The Big DRM Graphics Driver Changes Land In Linux 3.18

Written by Michael Larabel in Linux Kernel on 14 October 2014 at 09:40 AM EDT. 5 Comments
LINUX KERNEL
The much anticipated DRM feature pull was merged over the night for the Linux 3.18 kernel that's now in its early stages of development.

Highlights of the graphics / Direct Rendering Manager driver changes for the Linux 3.18 merge window include:

AMD Radeon



- RV6xx UVD support! The original Unified Video Decoder found on the Radeon HD 3000 series support is finally supported by the open-source AMD Linux driver... While later revisions of the UVD video decode engine have already been long supported by the open-source driver.

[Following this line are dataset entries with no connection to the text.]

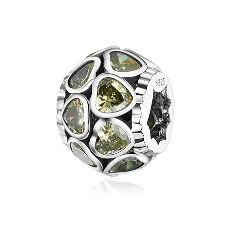 NINGAN 誕生石 ラブ オールアラウンド ハート ビーズ チャーム 925 スターリングシルバー ハッピー バースデー チャーム ギフト パンドラ & ヨーロピアン ブレスレット&ネックレス対応
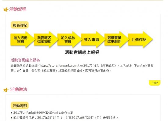 活動流程表如附件,比賽詳情及報名資料,請參考活動網址(http://story.funpark.com.tw/2017)。
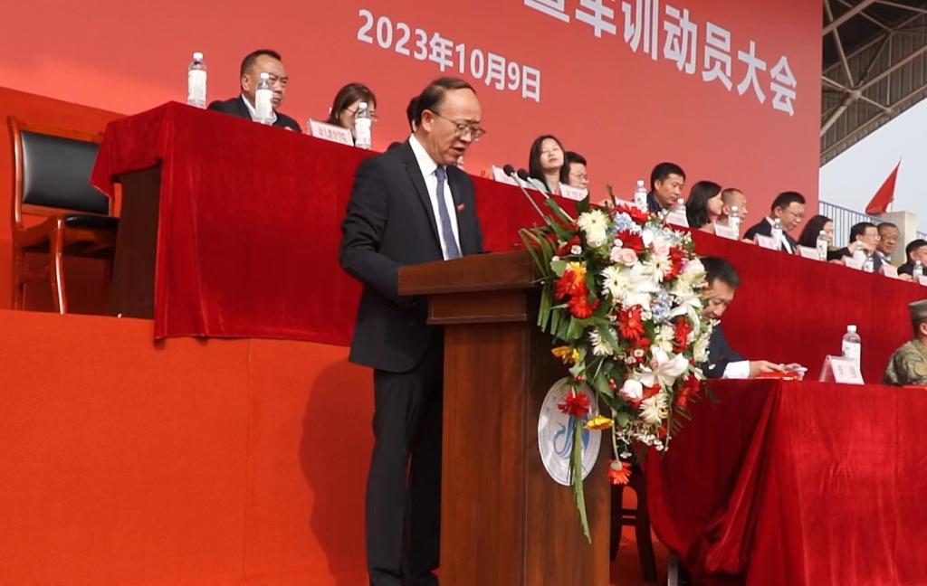 10月9日上午,学校在操场举行了2023级新生开学典礼暨军训动员大会,唐宏宣读2023级军训团指挥人员任命书,他希望被任命的同志要不负众望,严格按照军训要求高标准完成各项任务,鼓励各参训人员务必发扬不怕苦不怕累的精神,努力训练,坚决服从指挥与管理,积极投入军训生活。
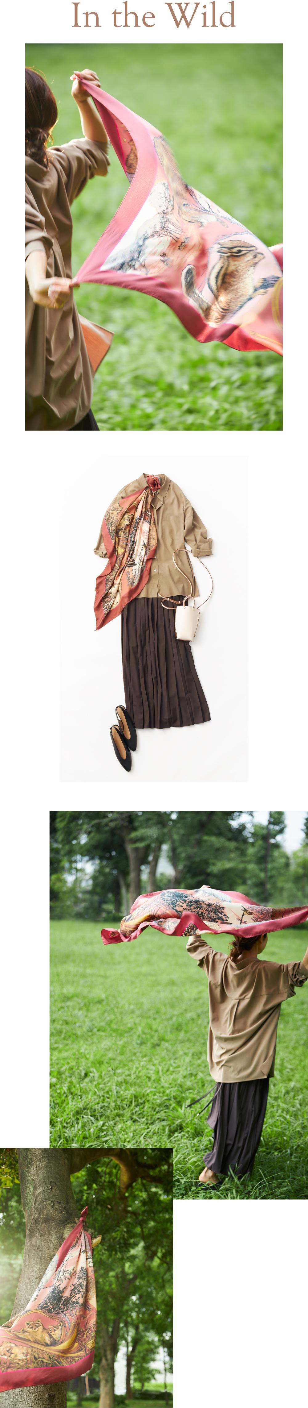 アレンジがしやすいのにシワになりにくいのが魅力の10.5匁のシルクツイルスカーフは、毎年新柄を楽しみにお待ちいただくお客さまも多くおられます。
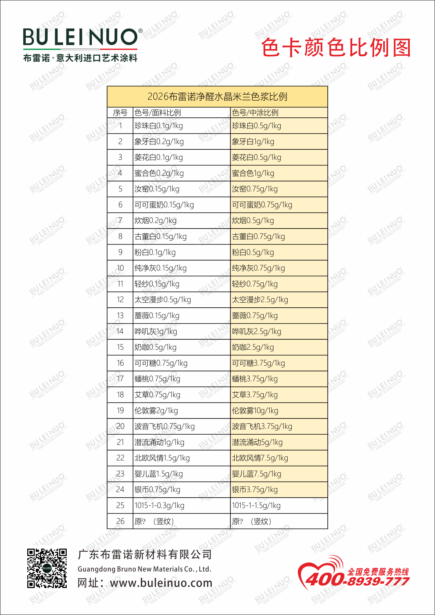 2026布雷诺净醛水晶米兰对翻色卡数据比例
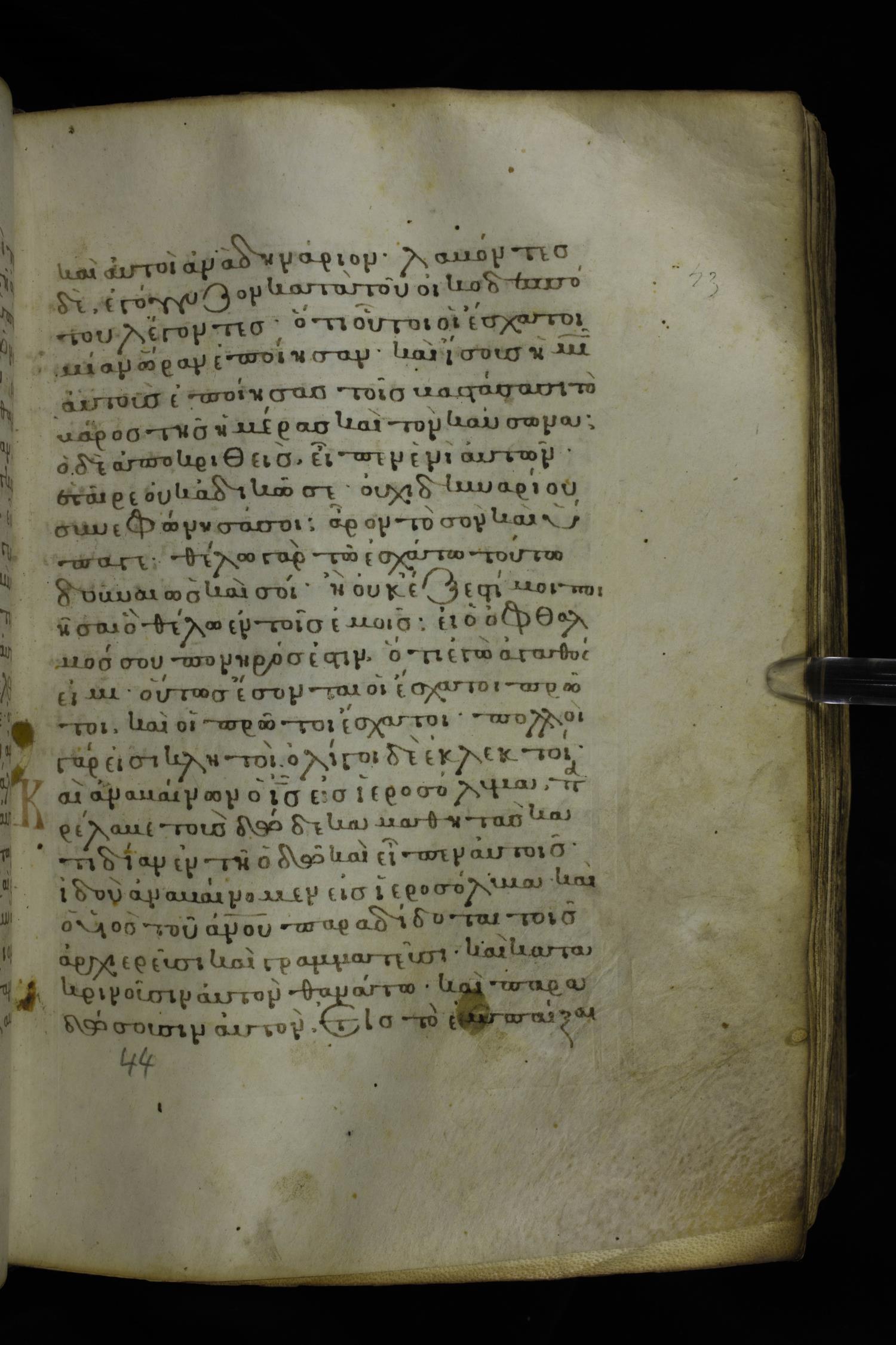 Twelfth century minuscule of the Gospels on parchment; 230 leaves, 1 column, 24-26 lines per column. Images were taken at the National Library of Greece in Athens.
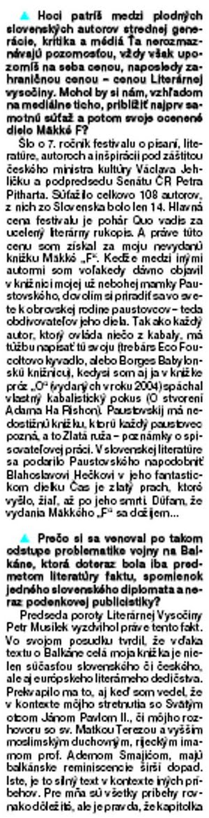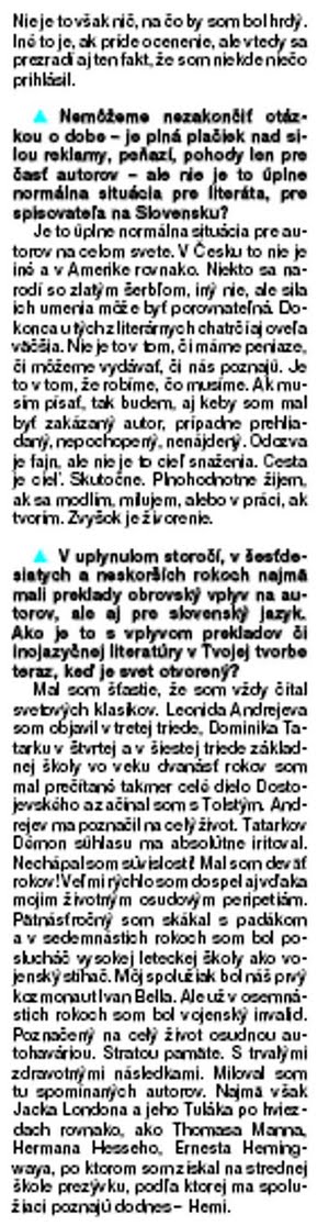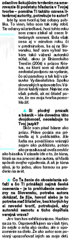 Pekny rozhovor čo vyšiel v slovenských národnych novinách číslo 36/2009
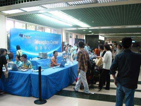 博鰲亞洲論壇2004年年會于4月24日在海南博鰲開幕。本次論壇年會主題為“亞洲尋求共嬴——一個對世界開放的亞洲”,表明2004年博鰲亞洲論壇年會將在全球背景下,探討亞洲各國和地區(qū)區(qū)域經(jīng)濟(jì)合作問題,尋求亞洲共同進(jìn)步的有效途徑。圖為忙碌的?诿捞m機(jī)場博鰲亞洲論壇年會接待處。(春風(fēng))
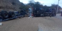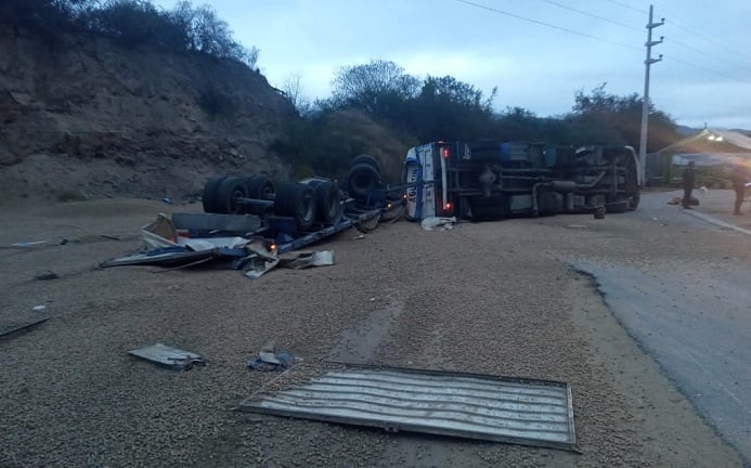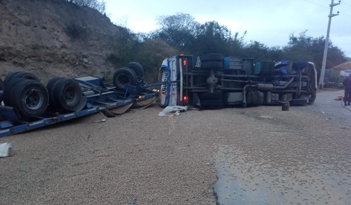 Hoy a las 07:30, en la ruta nacional N° 38 a la altura de la rotonda de ingreso a la localidad de la Merced, Departamento Paclin, se registró un siniestro vial protagonizado por un camión Scania T112 con acoplado, dominio RXL149, de colores blanco y azul, que transportaba Pellets afrechillo de trigo, al mando de Néstor Luis Ehrentraut (58) oriundo de la provincia de Salta, que por razones que se tratan de establecer perdió el control del rodado y terminó volcando a un costado de la banquina.
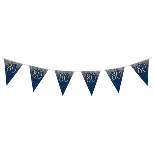 Navy & Gold Glitter 80th Birthday Bunting 11 flags 3.9m
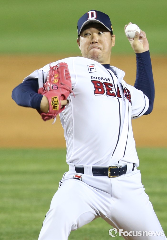(서울=포커스뉴스) 28일 서울 잠실구장에서 열린 2016 프로야구 SK-두산 경기에서 두산 마무리 투수 이현승이 9회 2사후 마운드에 올라 투구하고 있다.

- Userptr support after it missed out on Linux 3.17.

- Improved DPM / re-clocking support for certain graphics cards that should offer better performance.

- Improved buffer placement for potential performance benefits.

- HDMI audio fixes.

Intel HD Graphics



- Cherryview support improvements for the forthcoming Intel Atom SoCs.

- Early prep work for Intel Skylake while the actual Skylake "Gen9" graphics enablement is expected for the Linux 3.19 kernel. Skylake succeeds Broadwell in H2'2015. While not yet merged, the Intel Skylake Linux graphics code is out there.

- 180 degree rotation support.

- Execlist command submission

- Various bug-fixes and smaller changes.

Nouveau



- DisplayPort audio support.

- Various re-clocking improvements including some work on Kepler memory re-clocking but still nothing too exciting for end-users to cheer about.

- Fan control improvements.

- Other changes.

Other



- DRM core has work on Atomc mode-setting prep changes.

- Various fencing work took place for many of the DRM drivers.

- Exynos DRM updates.

- Other bug-fixes and code clean-ups.